Directed by Robert Rodriguez

Breezy and entertaining while preserving its intelligence, Shorts is a rarity in this unexciting celluloid summer. The film revolves around a magical rock that allows wishes to become reality.  As one would expect, chaos slowly ensues as every character who gets ahold of the rock finds his wishes backfire into a chaotic mess, as their wishes come true. It is an old concept–you cannot give the power of God to us mere humans.  It got us cast out of the Garden of Eden.

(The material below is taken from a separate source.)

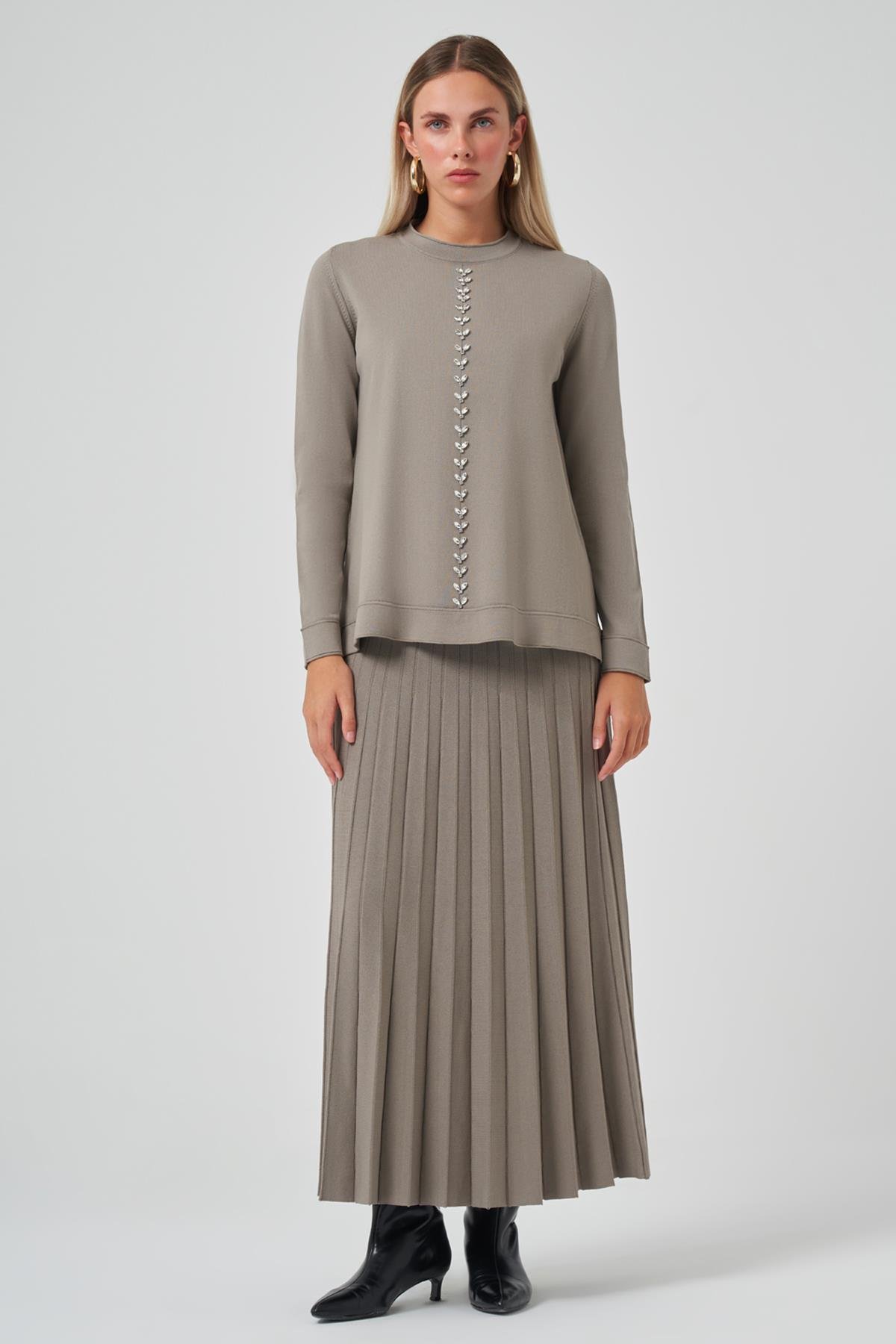 Nuss Taş İşleme Detay Triko Takım 1351 Açık Haki Hem şık hem spor kombinleyebileceğiniz bir takımdır. Tunik ve etek olmak üzere 2 parçadır. Tuniğin ön kısmında taş işleme detayı yer almaktadır. Bedenler: 1-2 şeklindedir. 1 BEDEN 38/40 2 BEDEN 42/44 UYUMLUDUR. Kullanım sırasında, çanta, aksesuar veya takılara dikkat edilmelidir. Hassas üründür. Kumaş İçeriği: YIKAMA TALİMATLARI: -Ilık suda ters çevirilerek yıkanmalıdır. -Tek başına yıkanmalıdır. -Renk verebilir. Kaloriferde vb. direk güneşte kurutmayınız.

An important element to the film’s success is that the two main child actors are very solid.  Narrator/protagonist Toe Thompson is ably played by Jimmy Bennett, who posesses terrific comic pacing.  Writer/director Robert Rodriguez also gets a funny yet darkly villainous performance from newcomer Jolie Vanier as Helvetica Black.  Her character was supposed to be hiding a crush on our protagonist Thompson.  She began by bullying Toe, while throughout the film her reluctance to do so gradually became more visible.

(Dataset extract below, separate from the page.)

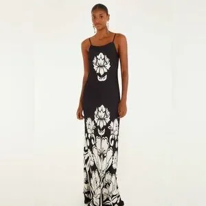 Farm Rio: Black & White Floral Arabesque Slip Lenzing Viscose Maxi Dress
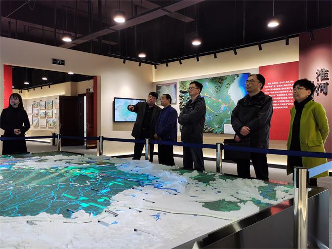 吴长法一行首先参观了治淮陈列馆。该馆于2010年开馆,展陈了大量珍贵的历史图片、展品、史料,集中展示了淮河的自然历史演变、流域文化、新中国治淮历程及取得的丰硕成果。

Rodriguez also packed the film with comedic veterans he knew he could rely on. Standouts included Jon Cryer (who shines in the TV series Two and a Half Men as the straight man to his brother Charlie, played by Charlie Sheen).  Cryer obviously had great fun as Dad Thompson.  Mom Thompson is played by Leslie Mann (an Apatow regular, who offered up a scene-stealing performance in 40 Year Old Virgin and was even better in Knocked Up.)

The city in which the film’s actions take place (Black Falls) is ground zero for the Black Box, a ridiculous multi-platform technological marvel that can do everything from shaving your face to sending a text message.  The consequence of this is that people use the device rather than communicate naturally with each other or the outside world.  In their world, boys look at multiple TV screens to see the weather rather than looking out a window.   There is a scene in which Mom and Dad Thompson are in the same room and are texting each other, rather than speaking.  Rodriguez knows this film is aimed at children, and kudos to him for addressing this issue as they will be the generation to decide how our rapidly evolving technology will be used. Will they use this power to improve the world or will it will be the noose they use to hang themselves? As someone who just purchased a BlackBerry, these subplots gave me pause to consider my own reliance on technology.

The film combines pure childlike fun with a little social commentary, and on those terms it is successful. The film’s approach to its morality is far from groundbreaking; villains are defeated by their own greed and everyone gets to learn a valuable lesson.  While there’s not much new here, it’s certainly more potent in subject matter than Rodriguez’s Spy Kids series.  If you are willing to throw cynicism to the wind for 90 minutes, it is a fun watch.